The competing approaches — proprietary plugin systems (OpenAI’s Plugins, Anthropic’s earlier tool patterns), framework-specific tool registries (LangChain tools, CrewAI tools) — are losing ground to MCP. The standardization is the key advantage.

For new agent applications in 2025, MCP is the right tool integration choice. It’s the standard, it’s open, the ecosystem is growing, and you don’t lock into any single framework.

69.11 The mental model

Eight points to take into Chapter 70:

MCP is a standard protocol for connecting LLMs to tools and data sources.
Three primitives: tools (callable functions), resources (readable data), prompts (templates).
Two transports: stdio (local) and HTTP (remote).
Servers expose tools; clients (LLM apps) consume them.
Hundreds of community-built servers are available for common tools.
Writing a server is ~30 lines of code with the SDK.
MCP is the emerging standard in the LLM ecosystem.
Production concerns: security, auth, rate limiting, sandboxing, monitoring.

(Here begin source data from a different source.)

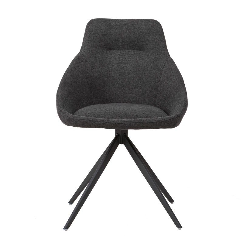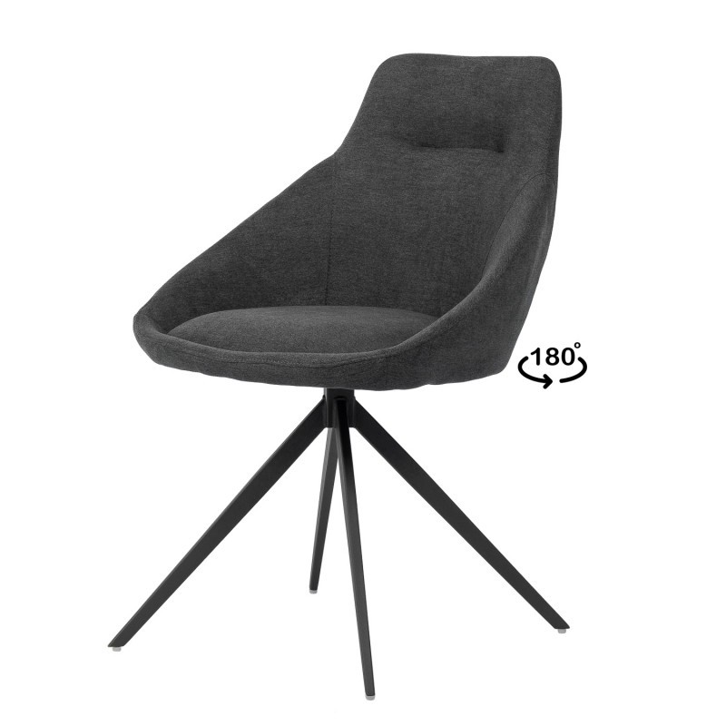 Nos encanta la silla de comedor CINCINNATI. Aparentemente parece una silla más, ¿verdad?. Pero a nosotros que nos encanta probarlas, te aseguramos que en pocas hemos encontrado la comodidad que esta nos ha ofrecido. Combina un asiento y un respaldo de pieza única, tapizado en tejido acabado en color gris oscuro, con cuatro patas de metal negro, de forma piramidal, las cuales ofrecen una gran resistencia. Nos fijamos especialmente en el diseño del respaldo, siendo más ancho en su parte inferior para estrecharse en la superior. Con ello conseguimos que la zona de la espalda quede perfectamente resguardada, obteniendo una gran sensación de comodidad. Si a esto le sumamos la comodidad del asiento, que cuenta con un sistema que la hace una silla giratoria 180º con retorno, tenemos la silla perfecta. Una pieza que no debe faltar en salones o comedores de hogares. No importa el estilo decorativo que utilices, la silla de comedor CINCINNATI combina bien con todo. Para terminar te diremos que puedes dar un toque de color a tu vivienda con los acabados en color azul, rojo, mostaza o gris claro. Todos ellos vas a poder encontrarlos en nuestro amplio catálogo.
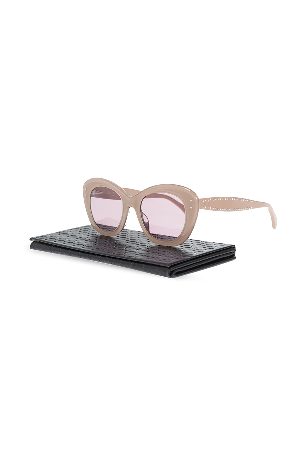 Beige sunglasses from Alaia. Arriving with a case and cleaning cloth included, this model features silver-tone studs on the temples and purple lenses.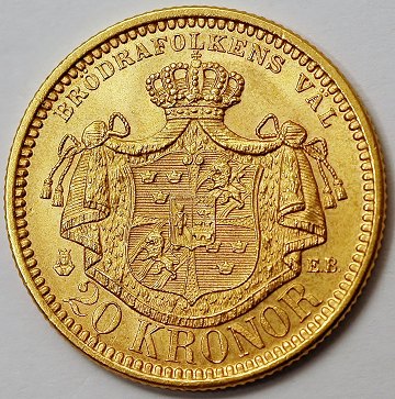 Sverige, Oscar II, 20 kr GULD 1898 EB - SM 19 & Sieg 91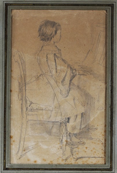Un importante disegno di Edgar Degas, che testimonia la sua seconda presenza in Italia, dove oltre a visitare i parenti, veniva per arricchirsi attraverso lo studio dei grandi maestri della pittura rinascimentale. Proprio nel corso di una delle sue visite presso la famiglia della sorella del padre, sposatasi con il barone Bellelli, imprime sul foglio l’immagine di una delle due cugine, Giulia, seduta dinanzi al pianoforte come si intuisce dalla dicitura a tergo della matita “ma cousine Julie Bellelli / E. Degas / Florence 1857-1858 / sentiamo questa sonatina”. Il disegno è di indubbio interesse oltre che per l’importante firma del suo esecutore, anche perché è un documento attestante la seconda presenza di Degas in Italia, il “23 avril 1860 / Florence” come scritto dall’artista in basso al disegno per sospendere la propria memoria, e per aver fermato un momento intimo della vita affettiva di questo straordinario artista «Ho due cuginette a pranzo. La maggiore è veramente un fiore di bellezza; la minore ha il carattere di un diavoletto e la bontà di un angelo. Le dipingo con i loro vestiti neri e i loro grembiulini bianchi che le rendono affascinanti. Ho varie idee per lo sfondo. Vorrei ottenere una certa grazia naturale assieme a una nobiltà che non riesco bene a definire». Peraltro, si segnala che la scritta sopra riportata, non compare nella scheda del catalogo del 1983, quando il foglio venne esposto nella significativa mostra dedicata proprio al legame intrattenuto dal pittore con gli zii della famiglia in Firenze realizzata a Copenaghen (Degas et la famille Bellelli, catalogo della mostra a cura di Hanne Finsen, Copenhagen 1983, pp. 79-80, n. 5). Si veda anche il contributo di J. Sutherland Boggs, La famiglia Bellelli, nell’articolo apparso in “The Art Bullettin”, (juin 1955, n. 2, pp. 127-136) e nella relativa traduzione (Edgar Degas et les Bellelli, pp. 14-19) pubblicata nel suddetto catalogo danese.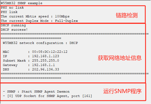 烧录例程运行后,首先可以看到打印了PHY链路检测和DHCP获取网络信息,然后是运行SNMP程序: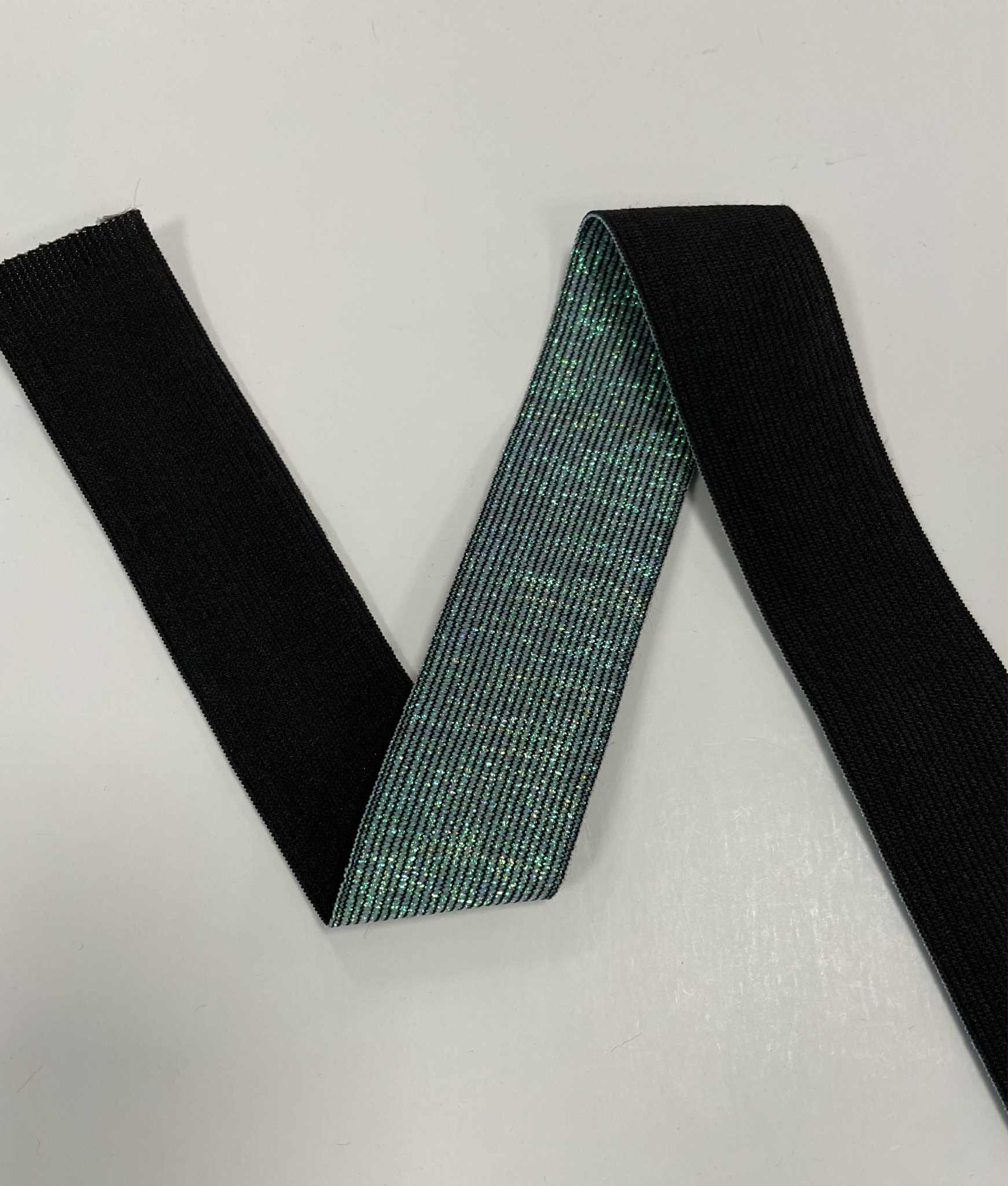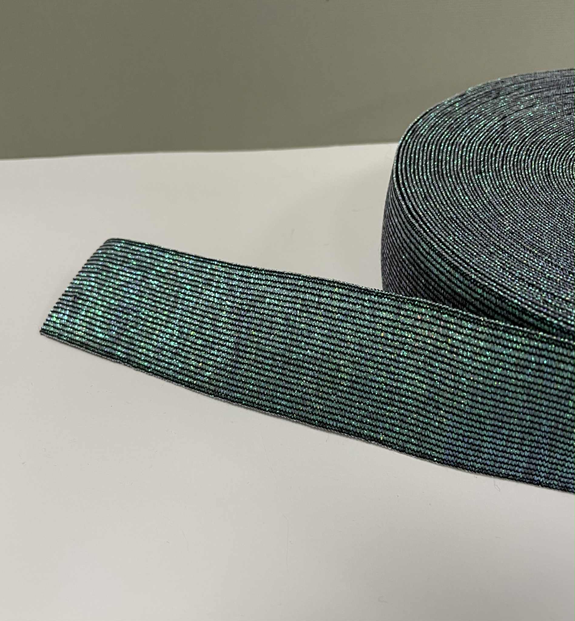 Metalizuota guma 40 mm, Holografinė žalia/juoda. Guminė juostelė – tai dažniausiai buityje, rūbų siuvimui naudojama elastinė juostelė.  Elastinė juostelė (guma) yra naudojama siuviniuose tam, kad galėtume išgauti gaminio tamprumą atitinkamose jo vietose. Tai viena reikalingiausių priemonių kiekvienos siuvėjos aplinkoje. Gumos būna įvairiausių spalvų, pločio ir net tąsumo. Elastinės juostelės (gumos) būna austos, pintos, apvalios, yra gumos su kilpelėmis sagoms.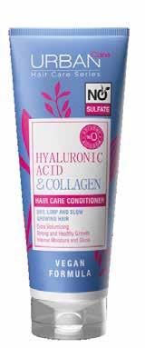 SHAMPOO Y ACONDICIONADOR HYALURONIC EL SHAMPOO Y ACONDICIONADOR URBAN CARE HYALURONIC ACID & COLLAGEN EXTRA VOLUMIZING HAIR CARE HIDRATA, FORTALECE Y APORTA VOLUMEN, PROMOVIENDO UN CABELLO MÁS SUAVE, BRILLANTE Y SALUDABLE SIN DEJARLO PESADO EN NINGÚN MOMENTO.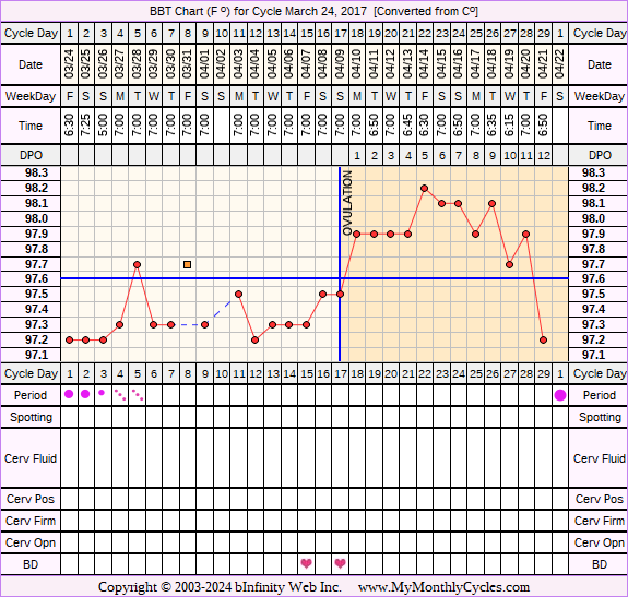 Disclaimer: You are viewing a chart shared by a MyMonthlyCycles member. All data on this chart, including ovulation date, if shown, has been entered by this member. MyMonthlyCycles has not interpreted this chart.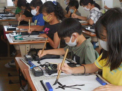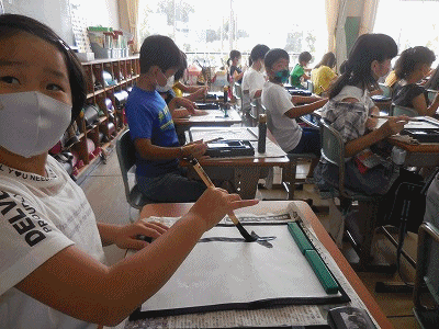 「林」の練習です。左右のバランスがとても難しいです。八画目の右払いがしっかり払えるように書いていくことが大切です。集中して、一画一画真剣に書いていきます。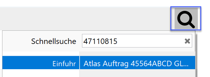 Wird nach einem Kriterium in der globalen Suche gesucht, werden alle Vorgänge mit dieser Referenz angezeigt.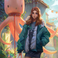 a whimsical touch to the scene. There are also some flowers and plants in the environment around her.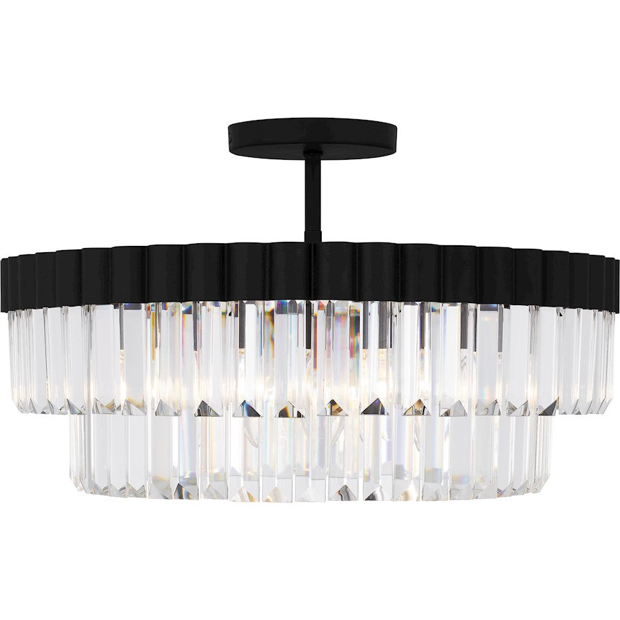 With clear crystal glass and a sleek finish, Starlight adds the perfect touch of elegance to any room. The clear crystal glass shade emits a dazzling glow, highlighted in either brushed nickel or matte black. Available as a semi-flush mount or pendant light, Starlight makes a perfect addition to any luxury or glam living space.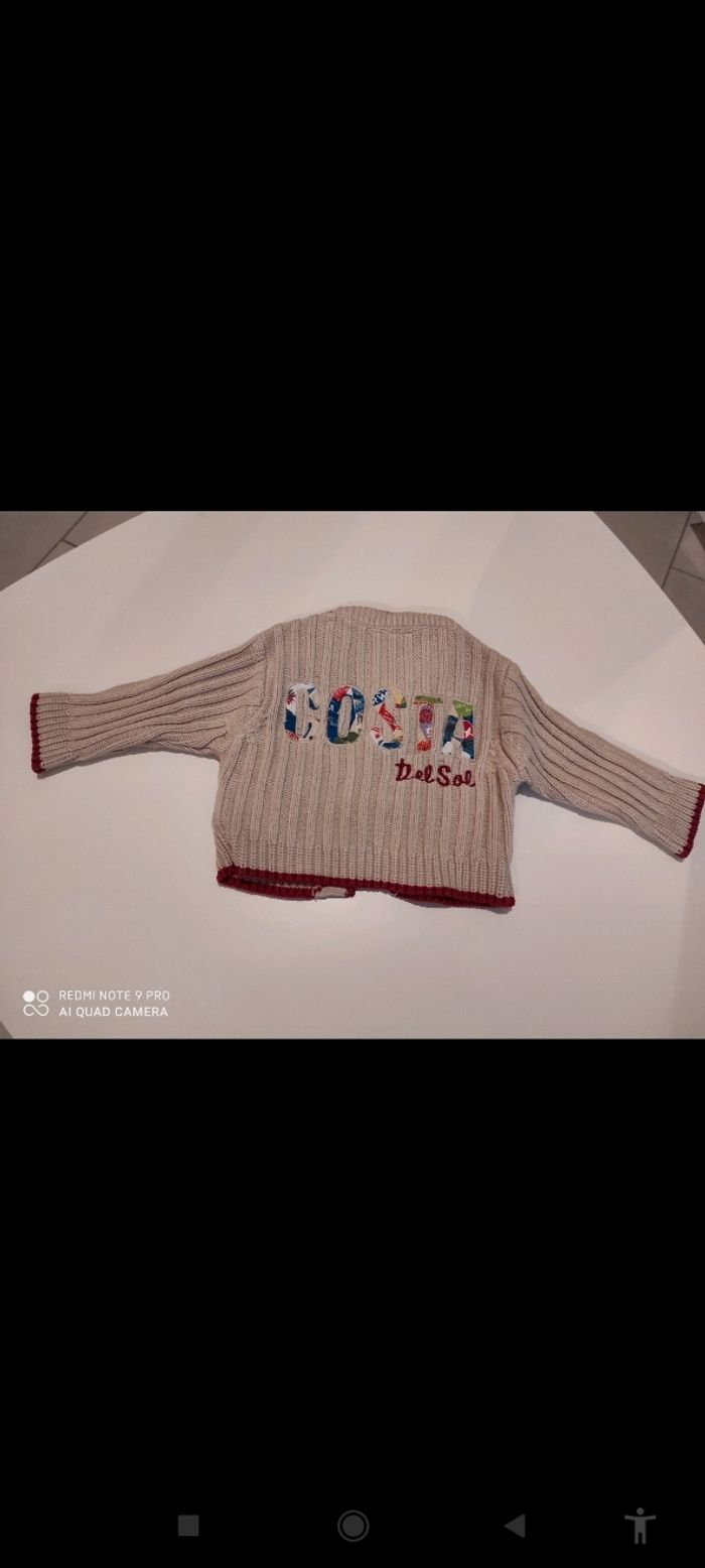 Gilet beige et rouge. 100% coton. 3 mois.

In Chapter 70 we look at the related but distinct question: when to use a workflow engine vs an agent loop.

Read it yourself

The MCP specification at modelcontextprotocol.io.
The MCP GitHub organization (github.com/modelcontextprotocol) for the SDKs and reference servers.
The Anthropic blog post introducing MCP (November 2024).
The Cursor / Zed / Claude Desktop documentation on MCP integration.
The awesome-mcp-servers list on GitHub.

Practice

Read the MCP specification’s “primitives” section. Can you implement each in an MCP server?
Write an MCP server with one tool that returns the current date and time.
Why does MCP support both stdio and HTTP transports? When would you use each?
Connect an existing MCP server (e.g., the filesystem server) to Claude Desktop and use it.
Why has MCP succeeded as a standard where earlier tool protocols failed? List three reasons.
Identify a tool you’d want an LLM to access and design the MCP server interface for it.
Stretch: Write an MCP server in Python that wraps a real API (e.g., the OpenWeatherMap API). Connect it to a Claude Desktop or Cursor and verify it works.